The rights offering will be supported by the underwriting commitment, for shares other than those to be subscribed for by ENI, by a syndicate coordinated and managed by Mediobanca, Morgan Stanley and UBS Investment Bank as Joint Global Coordinators and Joint Bookrunners, and including BNP Paribas, Credit Suisse, Merrill Lynch International and UniCredit Group as Co-Bookrunners, in relation to which an underwriting contract has been signed today.
Lazard has acted as financial advisor to Snam Rete Gas in connection with the determination of the price and conditions of the rights offering.
These materials do not constitute or form part of an offer to sell or the solicitation of an offer to buy the securities discussed herein. It may be unlawful to distribute these materials in certain jurisdictions. These written materials are not for distribution in the United States, Australia or Japan and the information contained herein does not constitute an offer of securities for sale in the United States, Australia or Japan. The securities mentioned herein have not been, and will not be, registered under the US Securities Act of 1933, as amended (the "Securities Act"), and may not be offered or sold in the United States absent registration or an exemption from the registration requirements of the Securities Act. There will be no public offer of the securities in the United States.
This document is for distribution only to persons who (i) have professional experience in matters relating to investments falling within Article 19(5) of the Financial Services and Markets Act 2000 (Financial Promotion) Order 2005 (as amended, the "Financial Promotion Order"), (ii) are persons falling with Article 49(2)(a) to (d) ("high net worth companies, unincorporated associations etc") of the Financial Promotion Order, (iii) are outside the United Kingdom, or (iv) are persons to whom an invitation or inducement to engage in investment activity (within the meaning of section 21 of the Financial Services and Markets Act 2000) in connection with the issue or sale of any Securities may otherwise lawfully be communicated or caused to be communicated (all such persons together being referred to as "relevant persons"). This document must not be acted on or relied on by other persons in the United Kingdom. This document is directed only at relevant persons and must not be acted on or relied on by persons who are not relevant persons. Any investment or investment activity to which this document relates is available only to relevant persons and will be engaged in only with relevant persons.

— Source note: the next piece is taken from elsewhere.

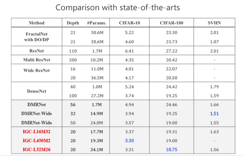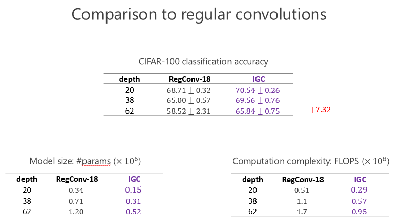 后来 CIFRA-100 我们也做了同样的实验,发现我们提升仍然是一致的,甚至跟前面的比起来提高得更大,因为分 100 类比分 10 类困难一点,说明越困难的任务,我们的优势越明显。这个变宽了以后(性能)的确变好了,通过 IGC 实现,网络结构变宽的确会带来好处。

Snam Rete Gas Investor Relations
Tel +39.02.520.67272 - Fax: +39.02.520.67650
Snam Rete Gas External Relations
Tel. +39 02 520.67691 - Fax +39.02.520.69227
Eni Press Office
Tel +39 02.52031875 – +39 06.5982398
Snam Rete Gas is a leader in the transportation and dispatching of natural gas in Italy. The company has more than 60 years of experience in planning, developing and running infrastructure in the sector. Snam Rete Gas currently operates over 31,000 kilometres of pipeline network, 11 compression plants, 8 supervisory districts and 55 maintenance hubs. Snam Rete Gas is the only Italian company that regassifies Liquefied Natural Gas. In 2008 it transported more than 85 billion cubic metres of gas on behalf of approximately 73 shippers. It has been listed on the Milan stock exchange since December 2001 and its current market capitalisation is around €8 billion.